Rolling Stone

Thomas B. Shea – USA TODAY Sports
Potential is a fickle mistress. In the right hands, she can grant you the world, mold you into a giant, open doors where once there were merely plastered walls. Precocious potential can just as easily buckle under the conspiratorial weights of onlookers, both the hopeful and the atheistic. It takes more than a little bit of luck to successfully extract talent from potential, with many left wondering whether the pursuit is alchemical in nature. We’ve covered this before, of course, but it’s worth doubling back anyway.
When surveying the biggest stories left to contemplate during the dwindling NBA regular season, one sees quite the smorgasbord of offerings: the Golden State Warriors’ courtship of 73 victories°, Kevin Durant’s impending free agency¹ and a teammate dispute in Los Angeles that somehow pulls the double magic trick of 1) dimming the spotlight on Kobe, and 2) making Iggy Azalea a sympathetic figure. Strange days, indeed.
A few steps beyond those thinkpiece generators, however, lies the curious case of Michael Beasley, the former number two overall pick in the draft and, thus far, one of its most prodigal sons. The quick version goes something like this: after attending six (!) different high schools, Beasley spent one incredible year at Kansas State, leading the nation in rebounding and averaging the third-most points per game while earning first-team All-American honors.
The Miami Heat took him right after Derrick Rose in 2008, another case study in potential, and watched as he averaged 13.9 points and 5.4 rebounds per game line on his way to an All-Rookie First Team selection. A solid sophomore campaign, albeit one in which his three-point percentage fell 13%, gave way to a trade to the Timberwolves in order to create cap space for Decision-era LeBron James.
After having arguably his best all-around season for a 17-win Minnesota team under Kurt Rambis and alongside Kevin Love, Beasley has gradually regressed, jumping from Phoenix to Miami to China…to Miami…to China…never missing an opportunity to receive a paycheck from Pat Riley for services rendered, whatever those services may have been. Usually, they appeared distinctly non-basketball-related.
His off-court issues warrant a discrete section on Beasley’s Wikipedia page, and you can find evidence of his various foibles and run-ins with the law, both in the NBA and out, there. Beasley isn’t a knucklehead among knuckleheads the way, say, JR Smith was in Denver, nor is he an injury-riddled ball of mercury, like the aforementioned Rose.

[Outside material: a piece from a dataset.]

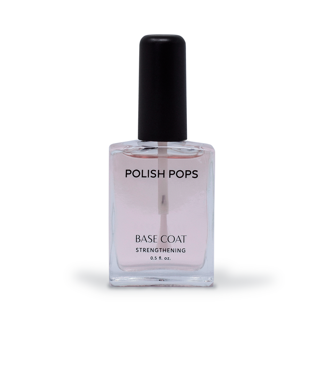 Our base coat strengthens and nourishes your nails. It also helps the nail wrap adhere to your nail because it builds a smooth, oil free surface on your nail. In the case of traditional nail polish, our base coat also prevents nail staining, and will allow for even color application.

At worst, Beasley is an NBA-calibre player who has never quite fit the spaces allotted him. His time in China seems to reinforce the idea that, at the very least, he knows good offense when he feels it and, like Smith, is deadlocked in an eternal quest to catch that particular Golden Snitch, seemingly always just a touch out of reach.
It takes that long to encapsulate Michael Beasley before this season, or really, before the year rolled over to 2016. Fresh off winning his second consecutive CBA All-Star Game MVP Award after recording 63 points, 19 rebounds and 13 assists in January – and subsequently earning the Chinese league’s Foreign MVP award – Beasley signed with the Houston Rockets, a team of similarly-unmet expectations.
Since joining the Rockets at the beginning of March, Beasley has been at his most productive since at least 2011, averaging over 14 points and five rebounds while posting his career-high in PER. In thirteen games with Houston, Beasley has failed to score double-digit points only thrice, even throwing up a spine-tingling 30-point, 9-rebound performance in a loss over a suddenly clicking Atlanta Hawks team.
Sample sizes be damned, it’s actually fun watching Michael Beasley play basketball again, and more importantly, he seems like he’s having fun. Maybe it took the assclownery of Dwight Howard and James Harden’s undying love for the free-throw line to coax it out of him. For what has become a fringe playoff team in the top-heavy Western Conference, Beasley’s production has been nothing short of compulsory, and not a moment too soon. Maybe he has harvested the talent lying latent within him, fueling his time on the bench and overseas. Maybe it was always there.
°Barring something truly amazing (the NBA is the ZIP code for that, it must be said), they’ll get there, sending bar arguments into a different galaxy of annoying.
¹For the record, I’m in the “Durant stays in OKC for at least one more season” camp, but between the Olympics, the draft and the coming spike in the salary cap, this is one of those years when it seems valid to say anything can happen.